Грачи прилетели. Рассудите нас, люди — страница 5 из 92

— Из-за скота. В эту зиму много скота сгинуло. Кто-то должен нести ответ. Хотят всю вину со своих плеч на внука моего, на Павла, переложить: дескать, ты начальник, заведующий МТФ, не углядел… Да и корма он будто присвоил… Для Павла такой навет хуже вострого ножа! Он соломинку на чужом дворе не возьмет. Потянулась, говорит, рука твоя за чужим — отрубить ее. Вот он какой! Он насквозь идейный. Киньте глаз под кровать, Сколько там книжек — все его. — Аребин, вглядевшись, заметил невнятно белевшие во мгле под деревянной кроватью стопки книг. — Сурьезные книги. По ночам читает. Поставит лампу на пол у своей постели и изучает, поддержку в борьбе с недругами все ищет. У Ленина… Столько керосину спалил!.. Сами посудите, что с ним было, когда его обвинили в воровстве… На дыбы встал: зверь! Кузьку Кокуздова, помощника Коптильникова, за грудки хвать!.. Сказать по совести, струхнул я: долго ли до беды, до тюрьмы…

Вошел Павел. Он, не гася, поставил фонарь у порога, скинул с плеч стеганку и, отряхивая ее, сердито проворчал:

— Опять дождик сыплет… — Покосился в чулан, где мать при слепом свете коптилки перетирала посуду. — Собрала?

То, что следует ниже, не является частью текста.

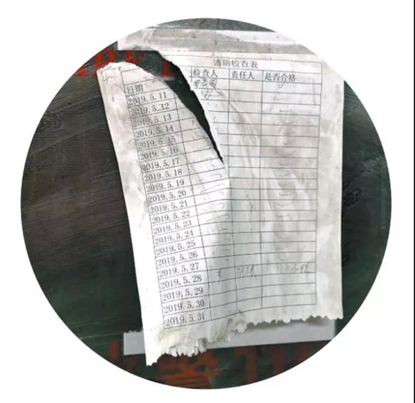 檢查人員提出,讓企業(yè)員工演示倉(cāng)庫(kù)起火后的操作。沒(méi)想到,員工打開(kāi)消火栓后,水壓不足,從水管噴出的水疲軟無(wú)力、射程不合要求。經(jīng)實(shí)地查看,檢查人員發(fā)現(xiàn)有的消火栓早已銹蝕,有一個(gè)消火栓上面覆蓋著一層厚厚的灰塵,其檢修記錄單顯示近一次檢修時(shí)間是2019年5月。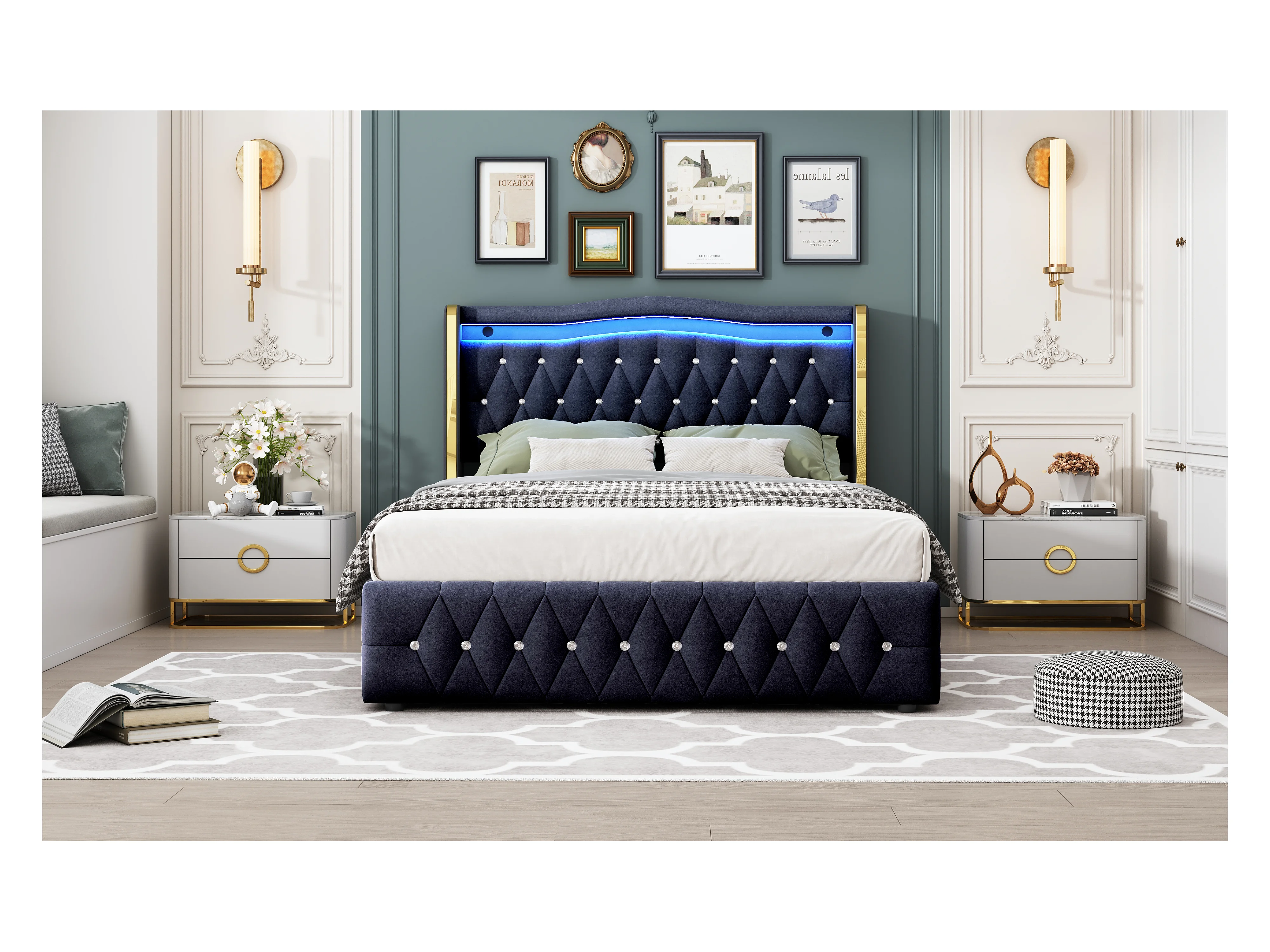Łóżko 140 x 200 cm z pojemnikiem - Łóżko dla dorosłych z oświetleniem LED i dekoracją w kształcie diamentu - czarny aksamit - bez materaca

— Не больно много добра накопил, — отозвалась мать. — Две рубахи, полотенце да каравай хлеба — не велика поклажа, сунуть в мешок недолго…

Стараясь не глядеть на Аребина, Павел как-то боком придвинулся к зеркальцу, висевшему в простенке, без нужды стал причесывать волосы.

— Уезжаете, значит?

Аребин еще не мог определить своего отношения к Павлу — было в этом парне что-то щетинистое и непримиримое. Но за внешней ожесточенностью (Аребин скорее чувствовал это, чем понимал) скрывались мучительная душевная боль и бессилие несправедливо обиженного человека.

— Ну, уезжаю! — Павел обернулся. — А что, нельзя?

Из чулана высунулась мать с эмалированным блюдом в руках, вставила, защищая сына:

— Он не хуже других. Не шибздик какой-нибудь… Десять годов учился.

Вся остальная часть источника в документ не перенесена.